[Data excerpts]
▬▬▬▬▬▬

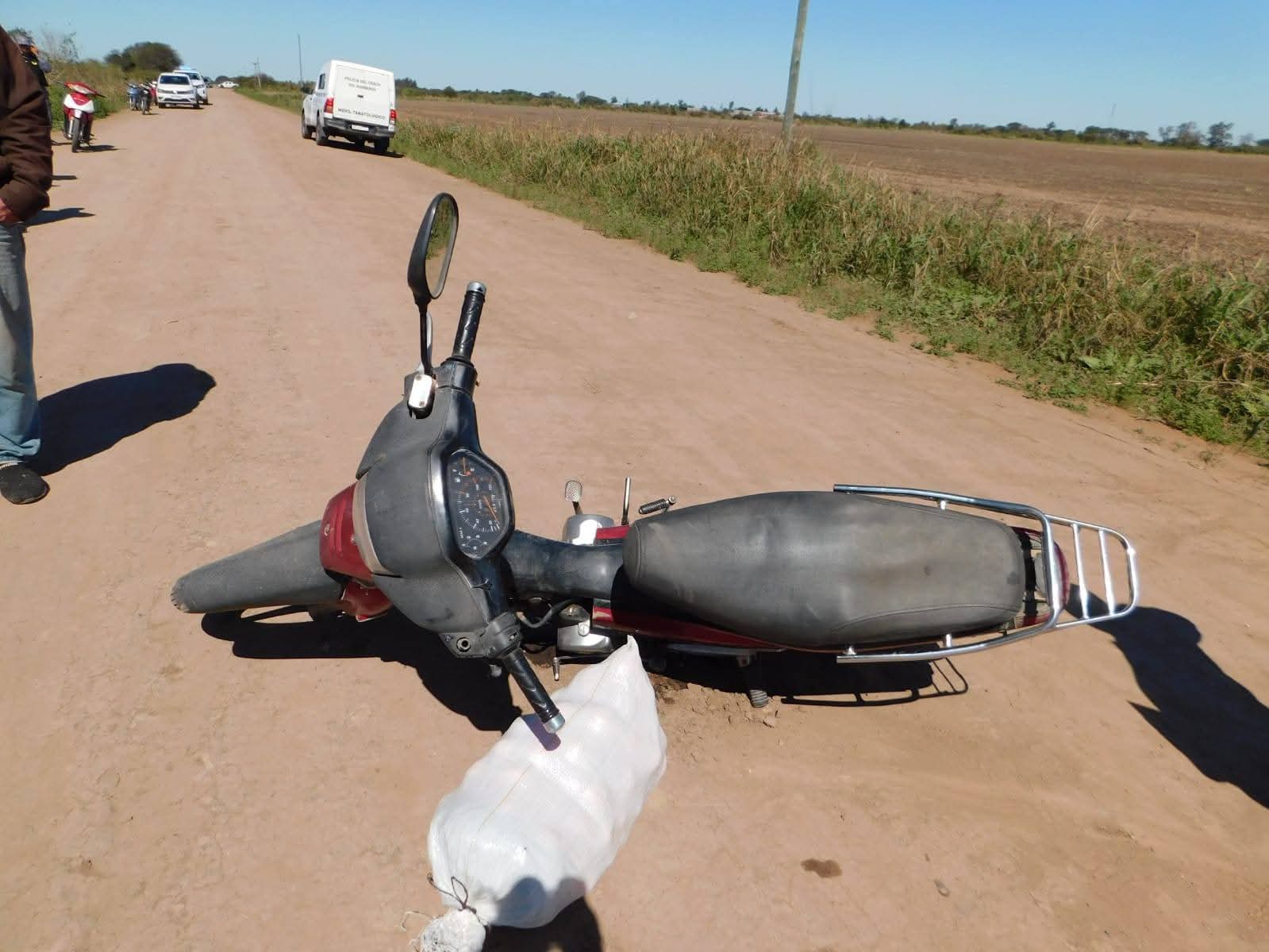 Durante este lunes 25/08, a las 10.30 ha aproximado, en el camino Vecinal Colonia Velez Sarfield - de la Localidad de Tres Isletas, se hace, presente personal policial y corrobora veracidad hecho, observandose un masculino junto a su motocicleta, razones se trata establecer cayo de su rodado, siendo el conductor Loreto Cena (63), ddo. Lote 15 Lalelay esta Localidad, quién esta recostado junto a motocicleta marca Honda, modelo Wave 110cc, color roja con dominio N° 723JFN.
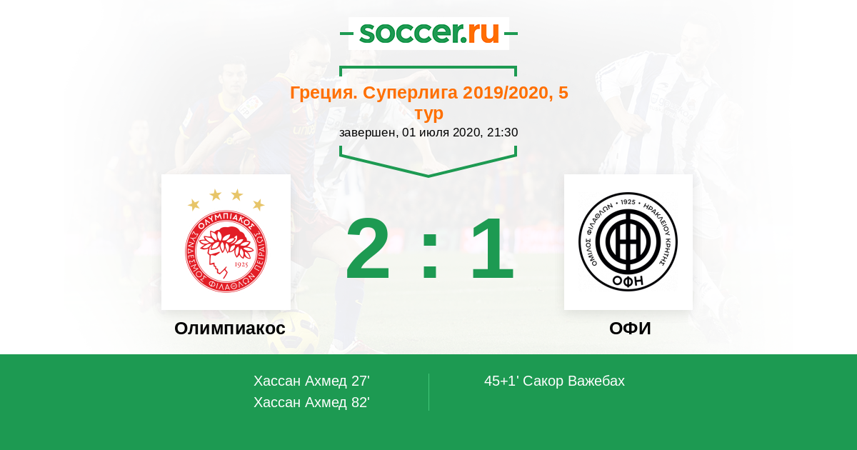 Олимпиакос - ОФИ: обзор матча 1 июля 2020
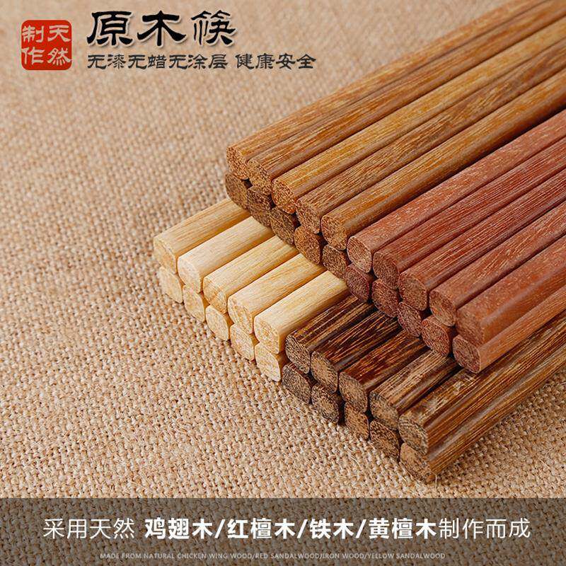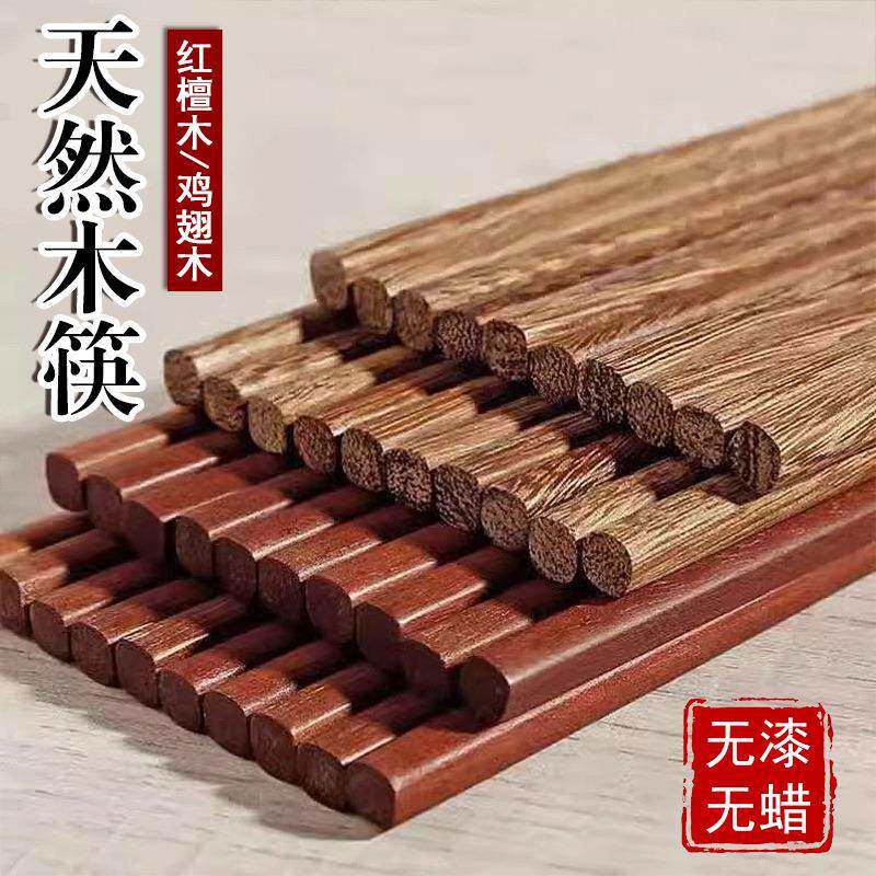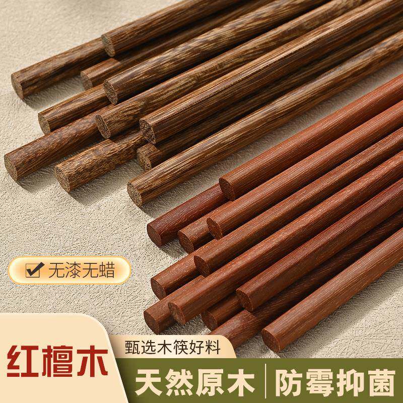 📚 正宗红檀木筷子家用无漆无蜡木公筷酒店防滑耐高温实木快子家庭装
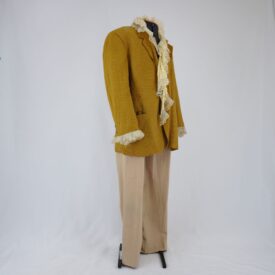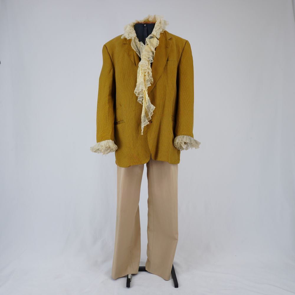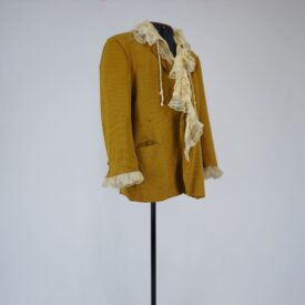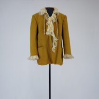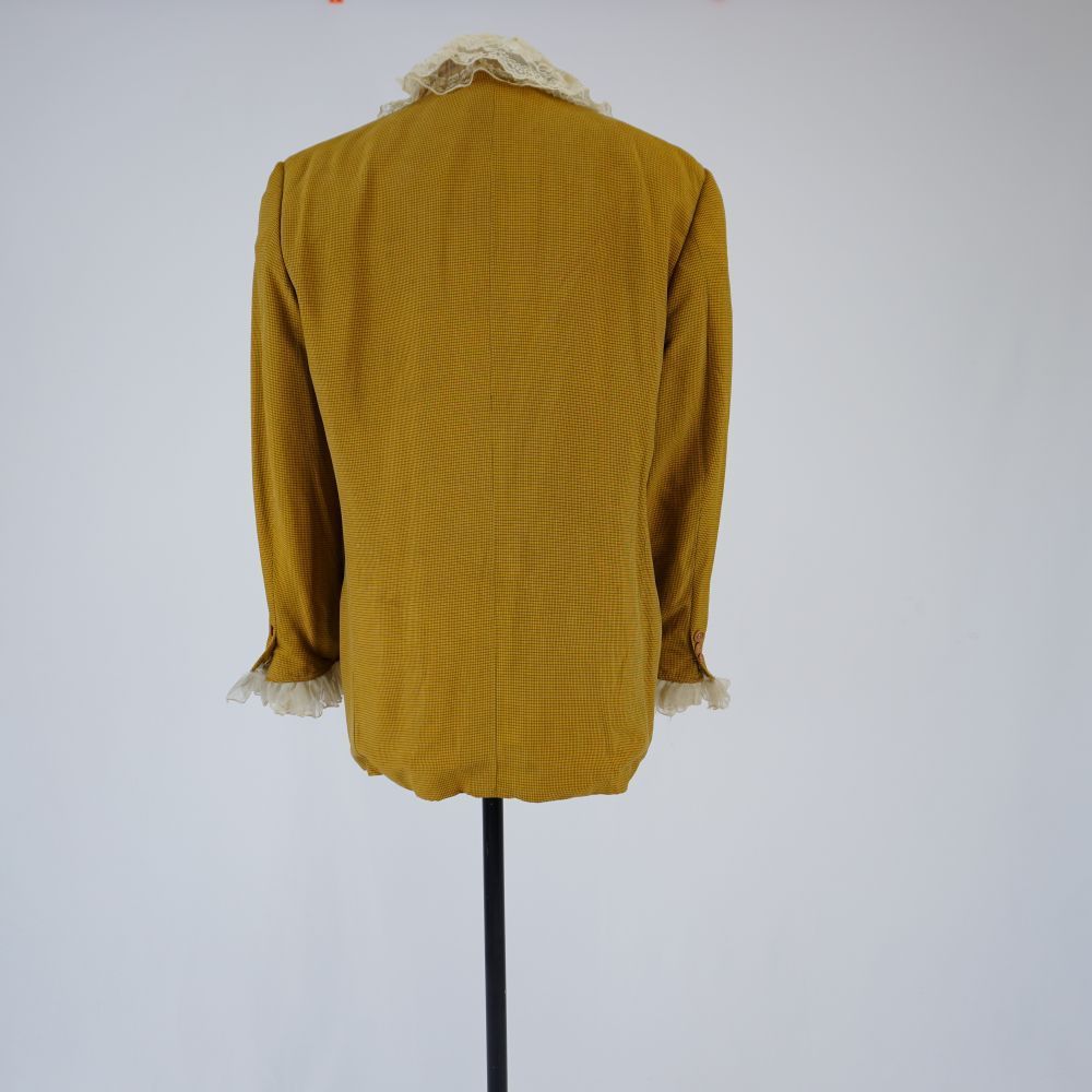 Blazer quadriculado azul e mostarda, três bolsos externos e dois bolsos internos, fechamento na vista e no punho com botões de plástico, babados aplicados no punho, com forro esverdeado. Parte frontal de um colete em jacquard listrado aplicado na parte interna do blazer, botões de plástico decorativos e fechamento com velcro. Aplicação de musseline plissado com renda, tule de malha de corações e cadarço creme com fios dourados.
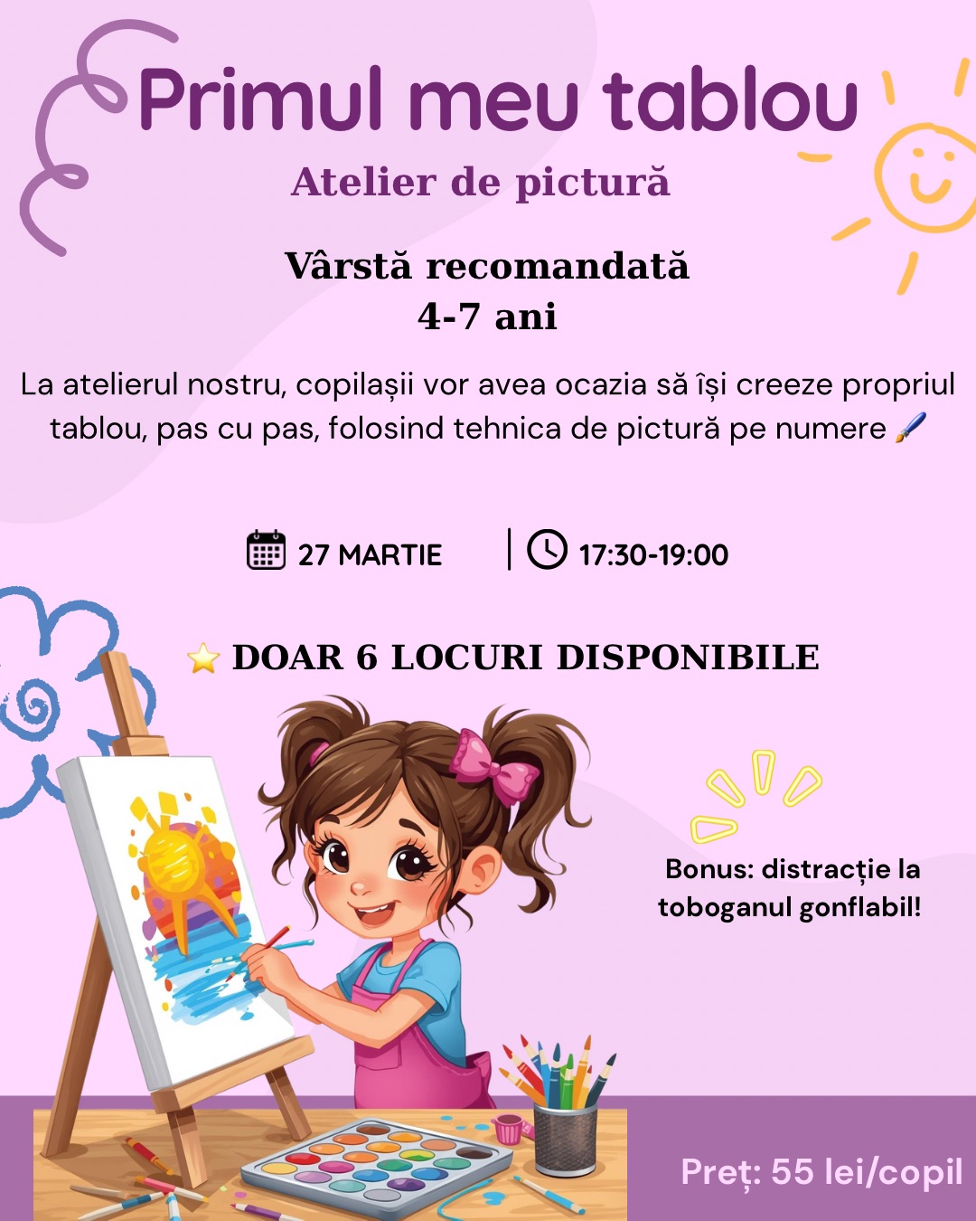 Un atelier în care fiecare copil creează propriul tablou pas cu pas, folosind tehnica picturii pe numere. Tabloul este finalizat în cadrul atelierului, include și rama, iar la final fiecare participant pleacă acasă cu propria creație. După pictură, distracția continuă la tobogane gonflabile.
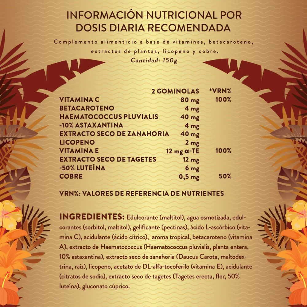 - Bronceado natural y uniforme: El betacaroteno y el extracto de zanahoria potencian el tono dorado desde dentro.
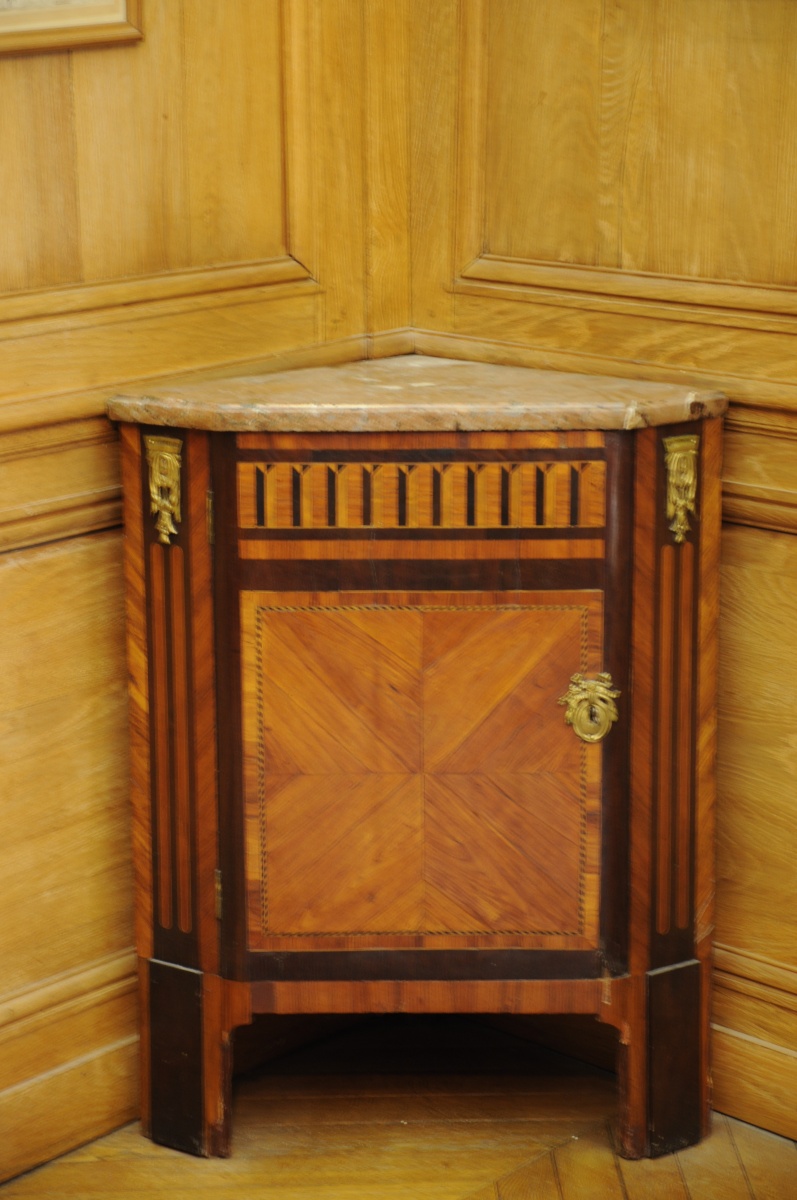ENCOIGNURE en placage de palissandre, de bois de rose et de violette ouvrant à une porte marquetée, les montants antérieurs à pans coupés simulant des colonnes triglyphes surmontés de chutes d'angle en bronze doré à motifs de chapiteaux corinthiens. Entrée de serrure en bronze doré à motif d'un médaillon fleuri. Dessus de marbre brèche. Estampillée "B VASSOU". Jean-Baptiste Vassou reçu maître en 1767.
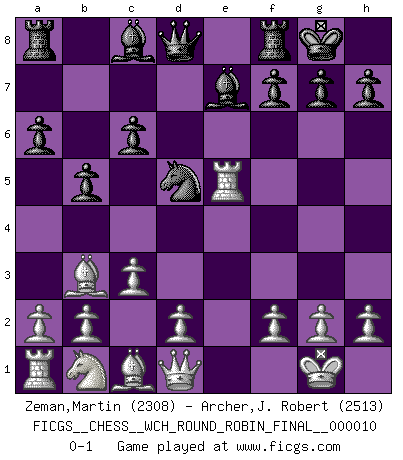 Last move : 0-1 2013 September 17 14:20:51 [Event "FICGS__CHESS__WCH_ROUND_ROBIN_FINAL__000010"] [Site "FICGS"] [Date "2013.07.29"] [Round "1"] [White "Zeman,Martin"] [Black "Archer,J. Robert"] [Result "0-1"] [WhiteElo "2308"] [BlackElo "2513"] 1.e4 e5 2.Nf3 Nc6 3.Bb5 a6 4.Ba4 Nf6 5.O-O Be7 6.Re1 b5 7.Bb3 O-O 8.c3 d5 9.exd5 Nxd5 10.Nxe5 Nxe5 11.Rxe5 c6 0-1 This chess game has been lost on time (started : 2013.07.29 22:26:55) Ruy Lopez : Closed, 7...O-O Kingside Castling by player White (move 5) Kingside Castling by player Black (move 7) Player Black won this chess game. Follow this game move after move (download)The stomach is an essential part of the Chess master. (Bent Larsen) Drei Punkte vor allen anderen ist wie einer, der im weißen Anzug posiert, während der Rest in Müllsäcke gekleidet dasteht. (Viktor Kortschnoi) ¿Se han dado cuenta de que Fischer casi nunca ha tenido piezas malas? El las intercambia y las piezas malas se quedan con sus oponenets. (Yuri Balashov) Il n'y a pas eu de défaite parce que je ne crois pas que cet ordinateur ait jamais existé. IBM a triché en refusant d'imprimer les modes de recherche de la machine. C'est évident, pendant le match, des coups décisifs ont été joués par des êtres humains. Aujourd'hui, les meilleurs spécialistes en informatique ne peuvent toujours pas expliquer comment Deep-Blue a pu jouer contre la logique des ordinateurs. IBM a gagné une guerre de communication, mais ils sont incapables de prouver que l'ordinateur a gagné tout seul. (Garry Kasparov) Bobby never cared about money, though. His only desire was to prove that his choices were correct: He wanted chess to be important because he was a chess player, and he wanted to be important. Bobby knew money was important, but he didn't have a clue why, outside of clothes and status. The only way he could accomplish what he wanted was to fight for a lot of money. Once he got it, he gave it away. He did not know how to spend it. And once he'd become champion, after, essentially, sacrificing his life for it, he didn't know how to spend his time. (Bob Wade)

▬▬▬▬▬▬

> **WHAT TO WORK ON**: Every line above must be printed again exactly, pictures excluded.

> **SOLUTION BELOW**:
 Durante este lunes 25/08, a las 10.30 ha aproximado, en el camino Vecinal Colonia Velez Sarfield - de la Localidad de Tres Isletas, se hace, presente personal policial y corrobora veracidad hecho, observandose un masculino junto a su motocicleta, razones se trata establecer cayo de su rodado, siendo el conductor Loreto Cena (63), ddo. Lote 15 Lalelay esta Localidad, quién esta recostado junto a motocicleta marca Honda, modelo Wave 110cc, color roja con dominio N° 723JFN.
 Олимпиакос - ОФИ: обзор матча 1 июля 2020
 📚 正宗红檀木筷子家用无漆无蜡木公筷酒店防滑耐高温实木快子家庭装
 Blazer quadriculado azul e mostarda, três bolsos externos e dois bolsos internos, fechamento na vista e no punho com botões de plástico, babados aplicados no punho, com forro esverdeado. Parte frontal de um colete em jacquard listrado aplicado na parte interna do blazer, botões de plástico decorativos e fechamento com velcro. Aplicação de musseline plissado com renda, tule de malha de corações e cadarço creme com fios dourados.
 Un atelier în care fiecare copil creează propriul tablou pas cu pas, folosind tehnica picturii pe numere. Tabloul este finalizat în cadrul atelierului, include și rama, iar la final fiecare participant pleacă acasă cu propria creație. După pictură, distracția continuă la tobogane gonflabile.
 - Bronceado natural y uniforme: El betacaroteno y el extracto de zanahoria potencian el tono dorado desde dentro.
ENCOIGNURE en placage de palissandre, de bois de rose et de violette ouvrant à une porte marquetée, les montants antérieurs à pans coupés simulant des colonnes triglyphes surmontés de chutes d'angle en bronze doré à motifs de chapiteaux corinthiens. Entrée de serrure en bronze doré à motif d'un médaillon fleuri. Dessus de marbre brèche. Estampillée "B VASSOU". Jean-Baptiste Vassou reçu maître en 1767.
 Last move : 0-1 2013 September 17 14:20:51 [Event "FICGS__CHESS__WCH_ROUND_ROBIN_FINAL__000010"] [Site "FICGS"] [Date "2013.07.29"] [Round "1"] [White "Zeman,Martin"] [Black "Archer,J. Robert"] [Result "0-1"] [WhiteElo "2308"] [BlackElo "2513"] 1.e4 e5 2.Nf3 Nc6 3.Bb5 a6 4.Ba4 Nf6 5.O-O Be7 6.Re1 b5 7.Bb3 O-O 8.c3 d5 9.exd5 Nxd5 10.Nxe5 Nxe5 11.Rxe5 c6 0-1 This chess game has been lost on time (started : 2013.07.29 22:26:55) Ruy Lopez : Closed, 7...O-O Kingside Castling by player White (move 5) Kingside Castling by player Black (move 7) Player Black won this chess game. Follow this game move after move (download)The stomach is an essential part of the Chess master. (Bent Larsen) Drei Punkte vor allen anderen ist wie einer, der im weißen Anzug posiert, während der Rest in Müllsäcke gekleidet dasteht. (Viktor Kortschnoi) ¿Se han dado cuenta de que Fischer casi nunca ha tenido piezas malas? El las intercambia y las piezas malas se quedan con sus oponenets. (Yuri Balashov) Il n'y a pas eu de défaite parce que je ne crois pas que cet ordinateur ait jamais existé. IBM a triché en refusant d'imprimer les modes de recherche de la machine. C'est évident, pendant le match, des coups décisifs ont été joués par des êtres humains. Aujourd'hui, les meilleurs spécialistes en informatique ne peuvent toujours pas expliquer comment Deep-Blue a pu jouer contre la logique des ordinateurs. IBM a gagné une guerre de communication, mais ils sont incapables de prouver que l'ordinateur a gagné tout seul. (Garry Kasparov) Bobby never cared about money, though. His only desire was to prove that his choices were correct: He wanted chess to be important because he was a chess player, and he wanted to be important. Bobby knew money was important, but he didn't have a clue why, outside of clothes and status. The only way he could accomplish what he wanted was to fight for a lot of money. Once he got it, he gave it away. He did not know how to spend it. And once he'd become champion, after, essentially, sacrificing his life for it, he didn't know how to spend his time. (Bob Wade)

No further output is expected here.